## Information provided
——

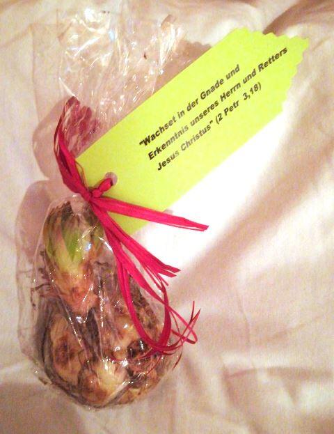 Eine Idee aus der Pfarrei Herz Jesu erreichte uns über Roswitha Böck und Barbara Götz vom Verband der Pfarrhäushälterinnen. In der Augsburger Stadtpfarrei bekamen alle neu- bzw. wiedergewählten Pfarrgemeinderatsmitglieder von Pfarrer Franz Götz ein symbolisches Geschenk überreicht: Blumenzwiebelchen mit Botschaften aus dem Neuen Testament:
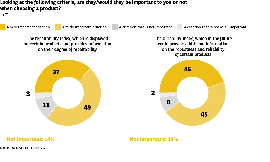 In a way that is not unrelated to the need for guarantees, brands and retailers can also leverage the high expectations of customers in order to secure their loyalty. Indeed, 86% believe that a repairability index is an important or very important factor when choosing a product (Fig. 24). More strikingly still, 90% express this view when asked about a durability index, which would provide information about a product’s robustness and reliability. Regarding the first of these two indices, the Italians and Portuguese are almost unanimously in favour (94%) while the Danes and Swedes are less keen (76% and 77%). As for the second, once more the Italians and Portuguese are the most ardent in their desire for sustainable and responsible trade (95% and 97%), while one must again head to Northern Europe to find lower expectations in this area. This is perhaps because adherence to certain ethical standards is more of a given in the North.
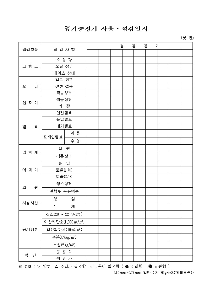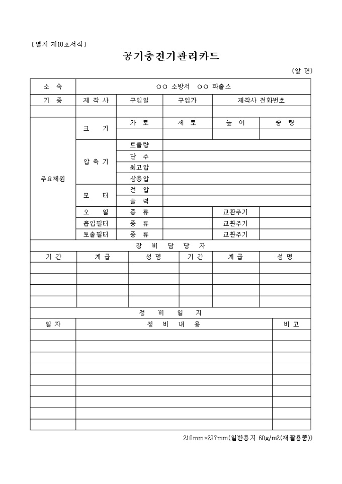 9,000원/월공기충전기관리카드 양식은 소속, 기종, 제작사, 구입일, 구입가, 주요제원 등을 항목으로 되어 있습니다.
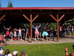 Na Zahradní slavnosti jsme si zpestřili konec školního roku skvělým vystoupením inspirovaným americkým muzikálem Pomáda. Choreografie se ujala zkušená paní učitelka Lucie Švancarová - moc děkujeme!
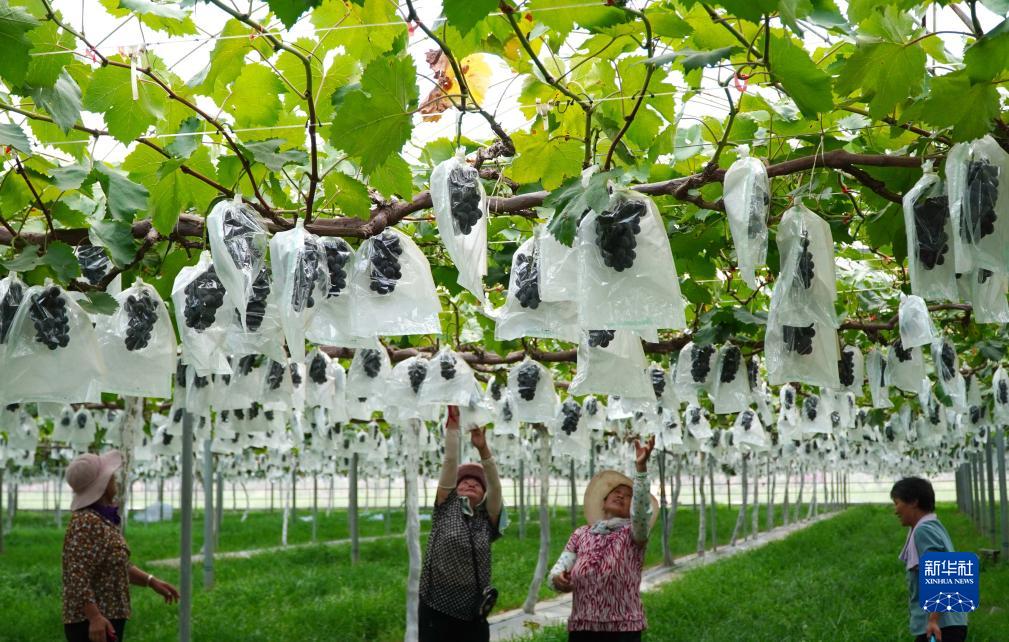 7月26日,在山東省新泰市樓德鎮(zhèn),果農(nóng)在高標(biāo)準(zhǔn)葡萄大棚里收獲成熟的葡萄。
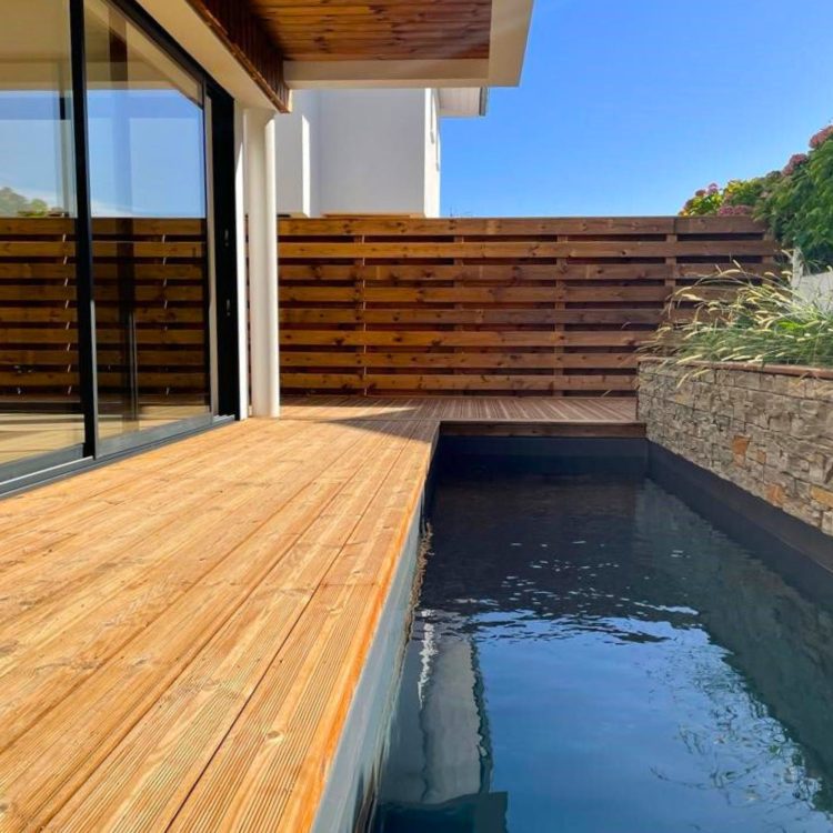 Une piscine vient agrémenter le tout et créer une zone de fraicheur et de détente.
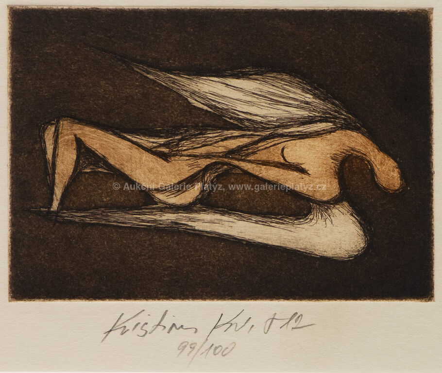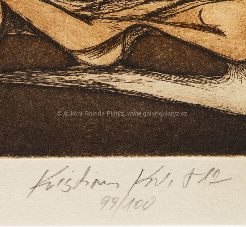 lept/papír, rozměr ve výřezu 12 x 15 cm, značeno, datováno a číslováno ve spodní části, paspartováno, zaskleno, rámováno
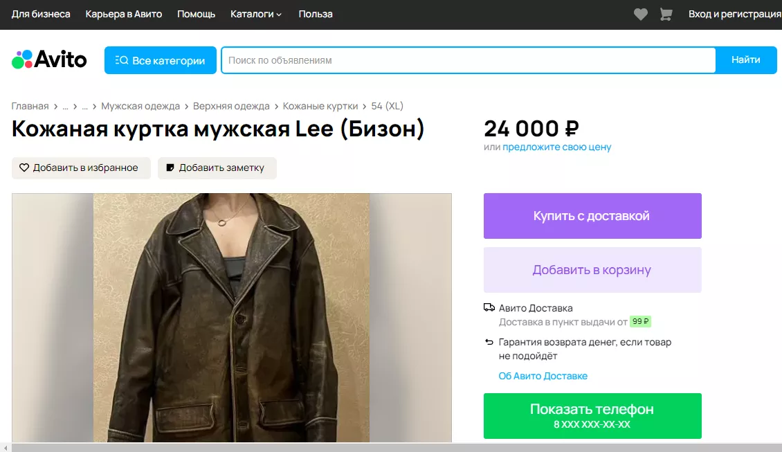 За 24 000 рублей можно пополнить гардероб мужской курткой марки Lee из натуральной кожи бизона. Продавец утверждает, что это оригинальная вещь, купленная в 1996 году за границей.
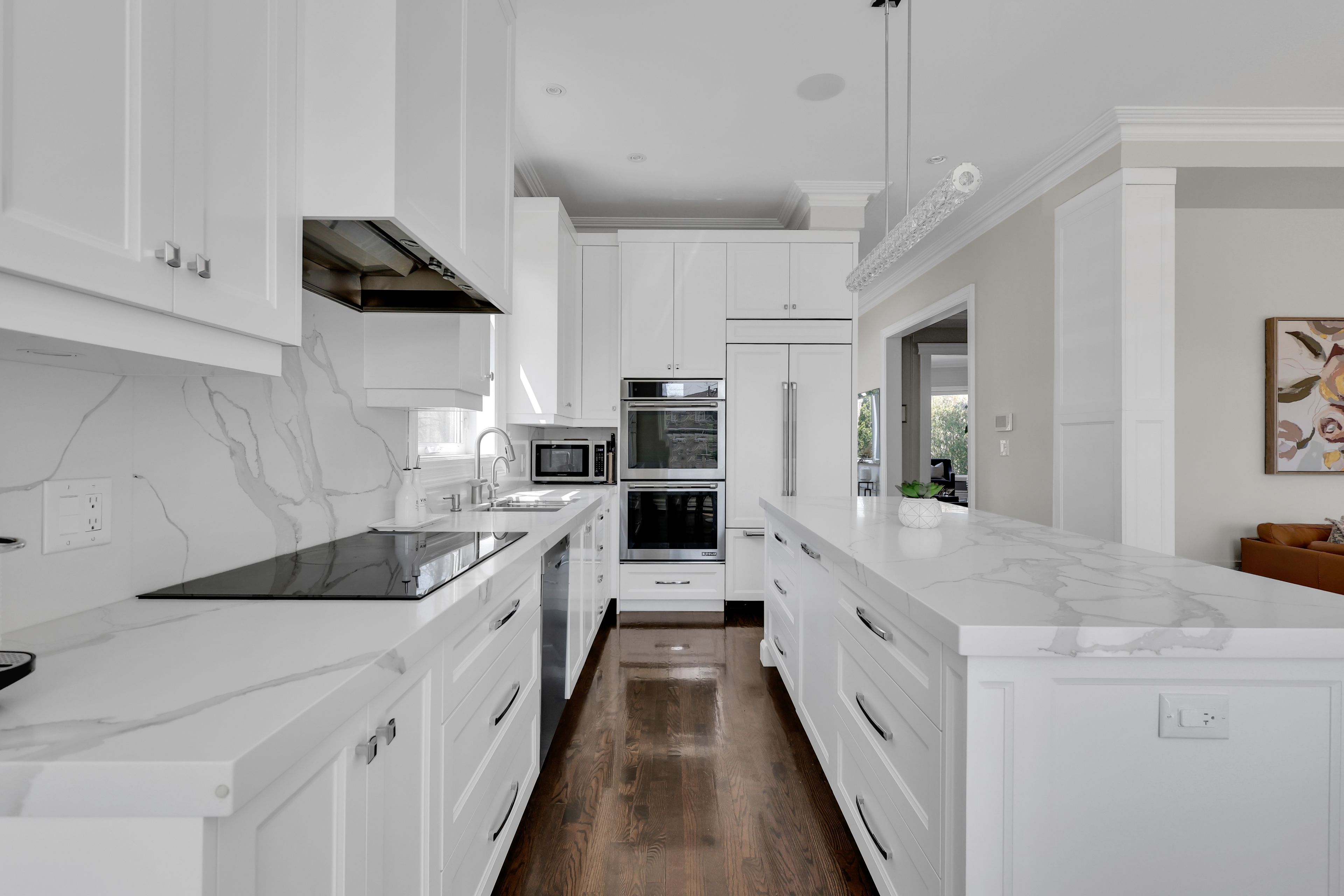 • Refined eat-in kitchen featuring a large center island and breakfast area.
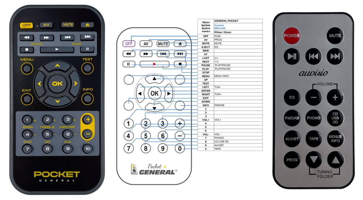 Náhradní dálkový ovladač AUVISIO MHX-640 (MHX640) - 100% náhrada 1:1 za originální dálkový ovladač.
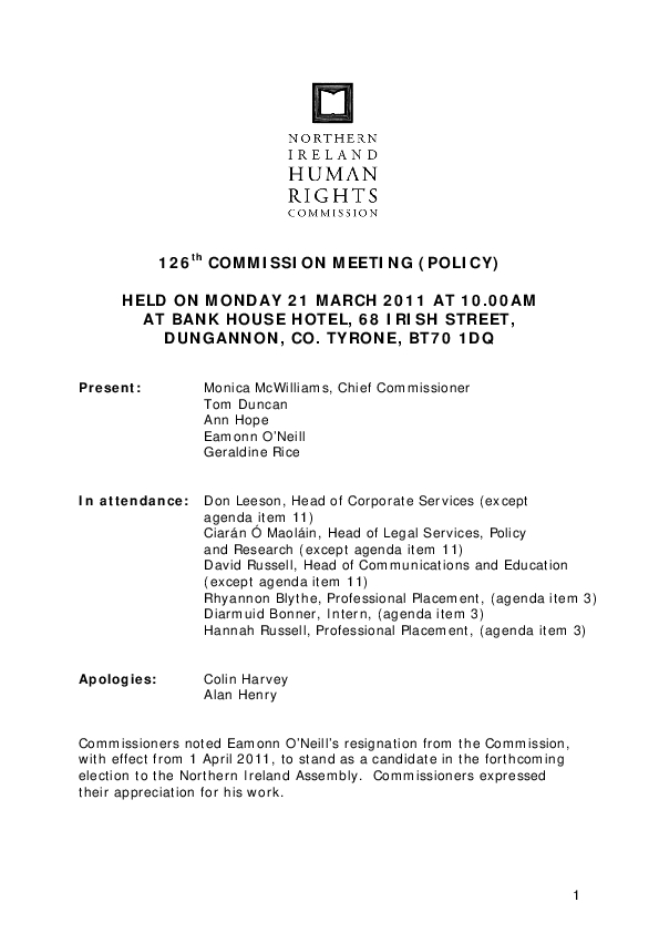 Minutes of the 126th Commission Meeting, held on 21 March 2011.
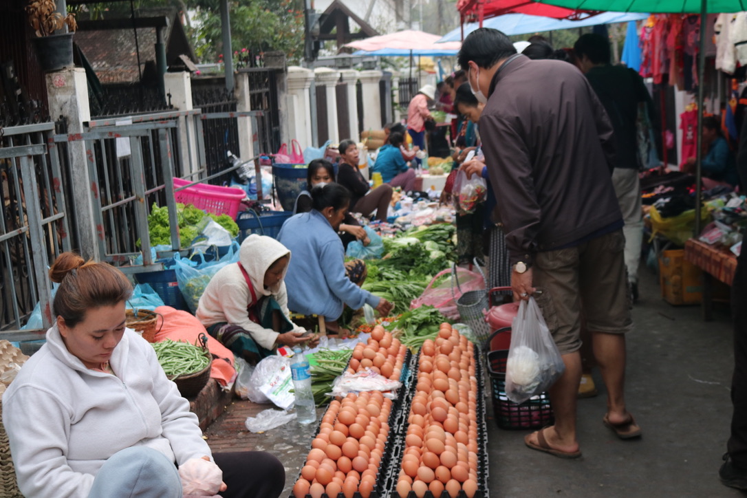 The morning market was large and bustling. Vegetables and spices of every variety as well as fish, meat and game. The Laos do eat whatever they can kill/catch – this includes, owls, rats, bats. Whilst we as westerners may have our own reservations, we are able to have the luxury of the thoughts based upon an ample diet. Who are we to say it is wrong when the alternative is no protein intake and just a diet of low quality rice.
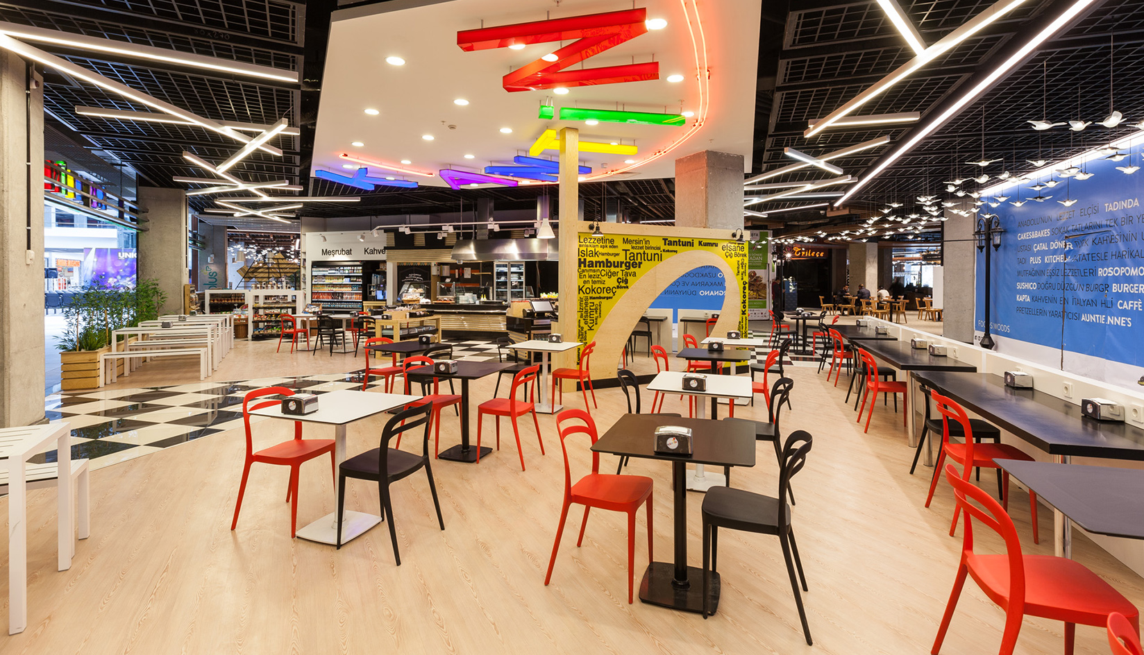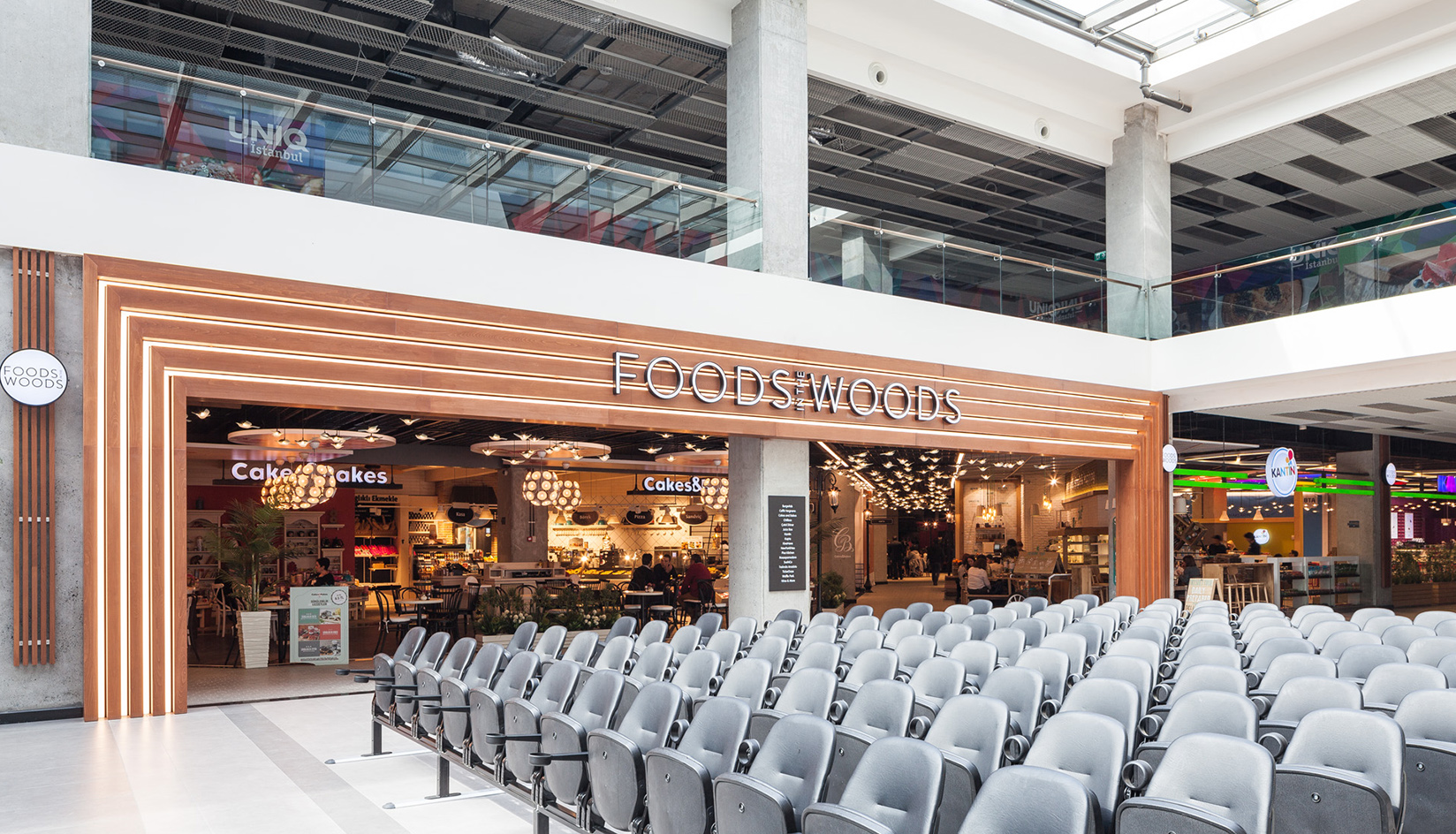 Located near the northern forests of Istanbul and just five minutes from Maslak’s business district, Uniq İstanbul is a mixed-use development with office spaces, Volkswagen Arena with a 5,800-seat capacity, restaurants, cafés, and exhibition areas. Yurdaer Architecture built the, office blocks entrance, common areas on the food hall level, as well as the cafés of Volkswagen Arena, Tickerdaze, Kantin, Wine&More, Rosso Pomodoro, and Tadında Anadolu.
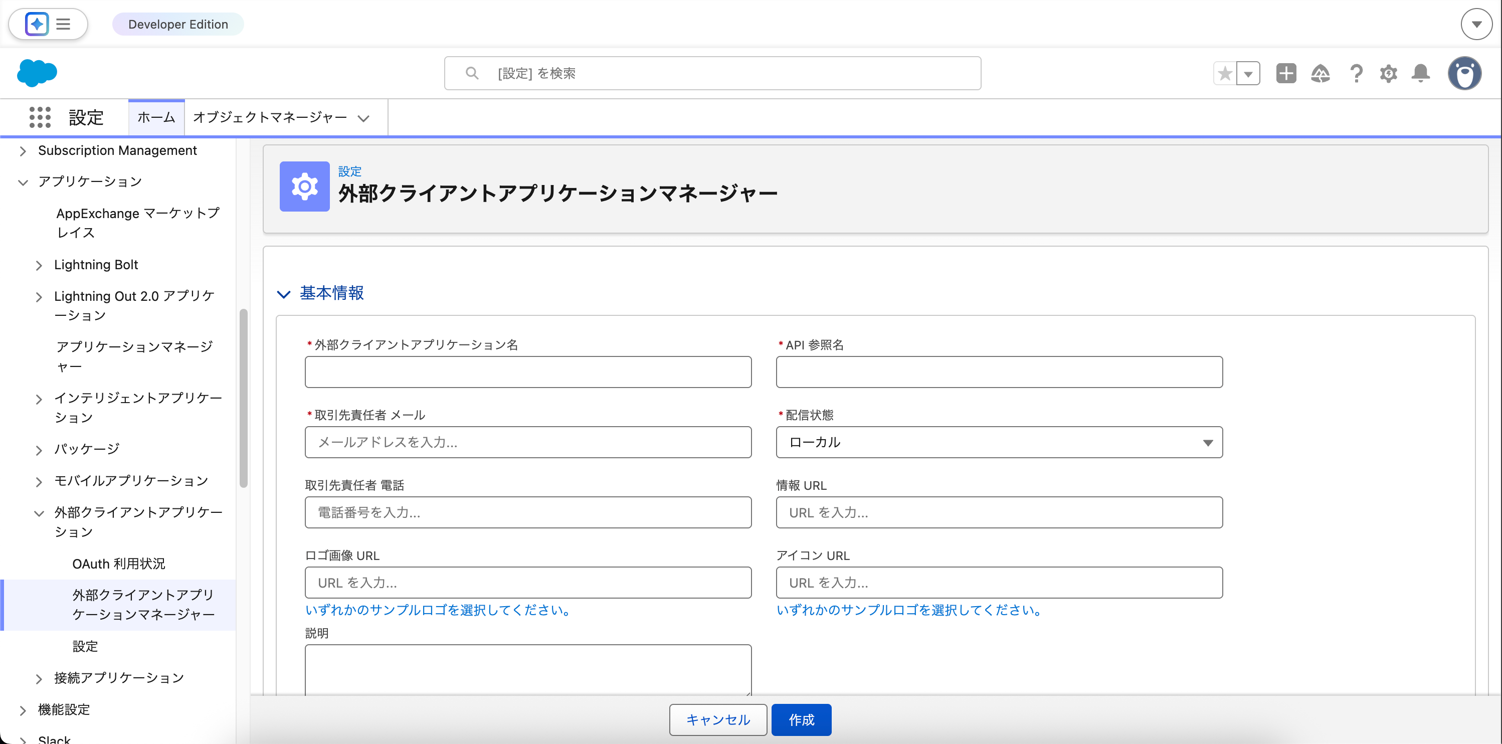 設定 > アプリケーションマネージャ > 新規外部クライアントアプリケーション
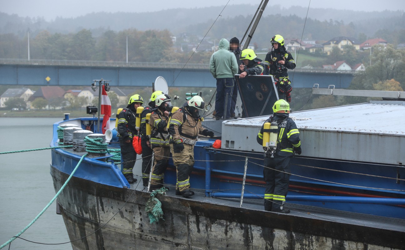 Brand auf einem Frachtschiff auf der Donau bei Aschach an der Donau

——

In the entries above, find the line with "Náhradní dálkový ovladač" and the line with "Minutes of the". Write out exactly those two lines and every line between them, pictures excluded.

## Expected output
 Náhradní dálkový ovladač AUVISIO MHX-640 (MHX640) - 100% náhrada 1:1 za originální dálkový ovladač.
 Minutes of the 126th Commission Meeting, held on 21 March 2011.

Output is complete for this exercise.